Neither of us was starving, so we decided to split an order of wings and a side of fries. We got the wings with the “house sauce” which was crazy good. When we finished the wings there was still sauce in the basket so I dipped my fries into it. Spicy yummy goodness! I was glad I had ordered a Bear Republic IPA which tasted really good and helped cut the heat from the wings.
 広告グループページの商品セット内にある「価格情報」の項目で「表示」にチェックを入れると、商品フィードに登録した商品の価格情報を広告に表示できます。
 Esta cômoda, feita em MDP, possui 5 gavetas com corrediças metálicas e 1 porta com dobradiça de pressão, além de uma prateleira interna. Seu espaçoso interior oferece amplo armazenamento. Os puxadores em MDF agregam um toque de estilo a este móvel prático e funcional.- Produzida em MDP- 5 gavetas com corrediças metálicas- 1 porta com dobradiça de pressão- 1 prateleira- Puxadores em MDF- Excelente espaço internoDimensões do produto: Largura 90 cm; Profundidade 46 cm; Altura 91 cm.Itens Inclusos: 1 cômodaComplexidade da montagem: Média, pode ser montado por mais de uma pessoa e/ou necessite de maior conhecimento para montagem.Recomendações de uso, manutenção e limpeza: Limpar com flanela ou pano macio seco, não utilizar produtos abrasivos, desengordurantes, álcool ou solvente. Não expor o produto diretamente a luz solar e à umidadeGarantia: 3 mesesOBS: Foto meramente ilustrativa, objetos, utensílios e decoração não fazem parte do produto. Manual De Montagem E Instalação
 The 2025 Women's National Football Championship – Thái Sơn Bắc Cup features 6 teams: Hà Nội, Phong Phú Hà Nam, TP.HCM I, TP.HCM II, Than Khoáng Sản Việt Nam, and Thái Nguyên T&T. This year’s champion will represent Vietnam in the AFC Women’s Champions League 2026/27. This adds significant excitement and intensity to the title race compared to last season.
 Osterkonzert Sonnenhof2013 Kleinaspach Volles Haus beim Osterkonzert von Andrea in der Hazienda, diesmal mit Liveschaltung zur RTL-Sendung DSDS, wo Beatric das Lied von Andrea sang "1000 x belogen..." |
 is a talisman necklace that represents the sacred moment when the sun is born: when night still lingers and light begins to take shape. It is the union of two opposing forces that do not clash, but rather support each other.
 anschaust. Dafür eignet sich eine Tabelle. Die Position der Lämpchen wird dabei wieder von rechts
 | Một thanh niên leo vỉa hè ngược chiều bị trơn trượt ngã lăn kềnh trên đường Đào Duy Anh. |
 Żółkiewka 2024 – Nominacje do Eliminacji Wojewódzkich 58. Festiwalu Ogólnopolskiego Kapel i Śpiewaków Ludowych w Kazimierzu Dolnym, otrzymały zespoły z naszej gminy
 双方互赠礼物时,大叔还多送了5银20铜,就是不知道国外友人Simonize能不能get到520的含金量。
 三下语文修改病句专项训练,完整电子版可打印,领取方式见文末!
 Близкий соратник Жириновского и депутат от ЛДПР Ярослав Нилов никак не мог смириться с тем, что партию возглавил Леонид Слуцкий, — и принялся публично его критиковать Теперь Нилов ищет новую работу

++++++++

Exercise aim:
Repeat only the stretch of lines starting at the one containing "Żółkiewka 2024 –" and running to the final line of the entries above.

Solution to this task:
 Żółkiewka 2024 – Nominacje do Eliminacji Wojewódzkich 58. Festiwalu Ogólnopolskiego Kapel i Śpiewaków Ludowych w Kazimierzu Dolnym, otrzymały zespoły z naszej gminy
 双方互赠礼物时,大叔还多送了5银20铜,就是不知道国外友人Simonize能不能get到520的含金量。
 三下语文修改病句专项训练,完整电子版可打印,领取方式见文末!
 Близкий соратник Жириновского и депутат от ЛДПР Ярослав Нилов никак не мог смириться с тем, что партию возглавил Леонид Слуцкий, — и принялся публично его критиковать Теперь Нилов ищет новую работу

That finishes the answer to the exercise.